Posteriormente, en plena campaña por la revocatoria de Villarán, se firmaría la “Adenda N° 1 al Contrato de Concesión Línea Amarilla”; y, en el 2016 INVEPAR vendería la concesión por más de US$1,700 Millones.

Esta operación de la firma de la Adenda N° 1, se vea por donde se vea, resulta totalmente irregular, desde principio a fin.

Marisa Glave ha declarado públicamente ser la artífice de la Adenda N° 1; consecuentemente, también lo sería del Acta-Contrato de 20 de mayo de 2011. ¿Qué soporta nuestra hipótesis? Para comenzar el hecho que la negociación del terreno de Campoy para la reubicación de la comunidad Shipibo-Konibo habría comenzado febrero de 2011, como se narra en “Crónica de una Administración Municipal corrupta
(IV)”, donde ella es “la estrella”.

Pero si esto no fuera suficiente para levantar sospechas, la periodista Karina Novoa ha mostrado, al menos, dos correos, que así lo acreditarían: uno, de 15 de diciembre de 2011, que Javier Mercado dirige tanto a Rey como a Glave con relación a las cuentas de una “caja chica” para el equipo de trabajo de campo en comunidad Shipibo-Konibo solventada por OASLAMSAC; y, uno segundo, que es un correo de André Bianchi a Rey sobre apoyo a la mencionada comunidad indígena, y que Rey reenvía a Glave el domingo 5 de febrero de 2012 a las 4:57pm.

Ello permite presumir que Glave estaba informada de todo lo que pasaba en “Línea Amarilla”, como en “Río Verde”. Si hay más correos, Karina Novoa aún no los ha difundido, pues son miles los correos entre Rey y OAS, así como entre éste y los miembros de hipotética “Cúpula”.

Augusto Rey también ha declarado ser el autor del “éxito” de la celebración de la Adenda N° 1; y, ello Karina Novoa lo ha acreditado con el destape de “Los Correos de Rey con OAS”, quedando con ello demostrado que él era el “facilitador” de las constructoras asignado por el lado de la MML. ¿Qué otra prueba necesita el Fiscal Puma Quispe para investigarlo? Porque si estas le son insuficientes, también están los correos recientemente revelados en el caso de los US$ 200 Mil “aportados” por Graña y Montero a la “Campaña por el NO”.

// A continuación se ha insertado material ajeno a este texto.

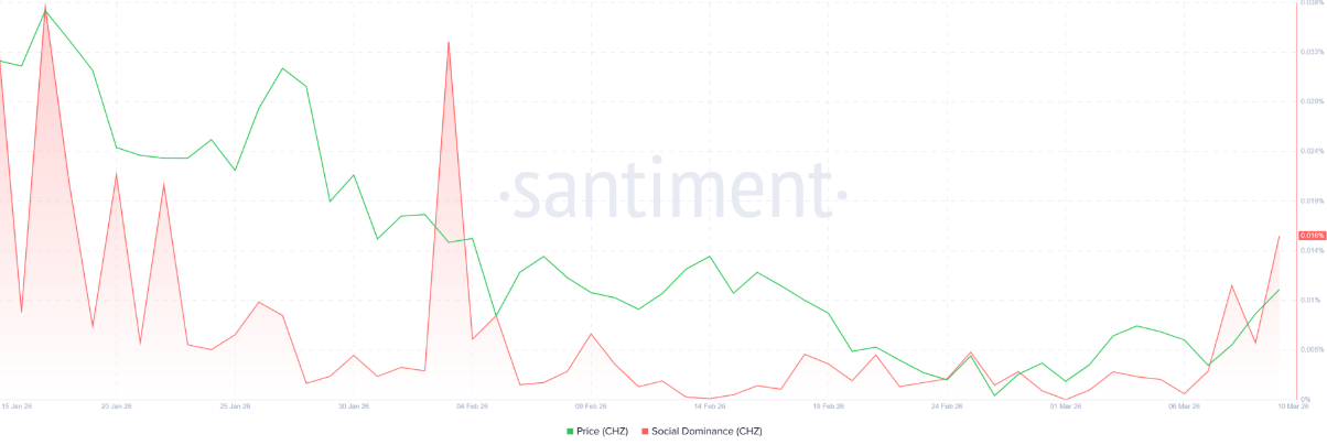 Ở góc độ dữ liệu xã hội, chỉ số Social Dominance từ Santiment cũng góp phần củng cố triển vọng tích cực. Chỉ số này đo lường tỷ lệ thảo luận về CHZ trên các kênh truyền thông tiền điện tử. Kể từ đầu tháng 3, Social Dominance đã duy trì xu hướng tăng ổn định và chạm mốc 0,016% vào thứ Ba – mức cao nhất kể từ đầu tháng 2. Diễn biến này cho thấy sự quan tâm của thị trường đối với CHZ đang dần gia tăng, đồng thời tâm lý nhà đầu tư cũng có dấu hiệu cải thiện rõ rệt.

¿Conocían Villarán, Glave, Castro Gamarra Arzubialde y Rey la transacción de OAS con INVEPAR? Sí!!! Los correos entre Rey con de Assis y Bianchi así lo demuestran.

Los hechos y documentos referidos en la presente crónica revelarían con meridiana claridad que Villarán, Marisa Glave, Castro Gamarra y otros operaban como el mismo lo ha señalado en su pedido de prisión preventiva para la exalcaldesa: una organización criminal o asociación ilícita para delinquir; y, que por las operaciones arriba descritas habrían recibido pagos de OAS.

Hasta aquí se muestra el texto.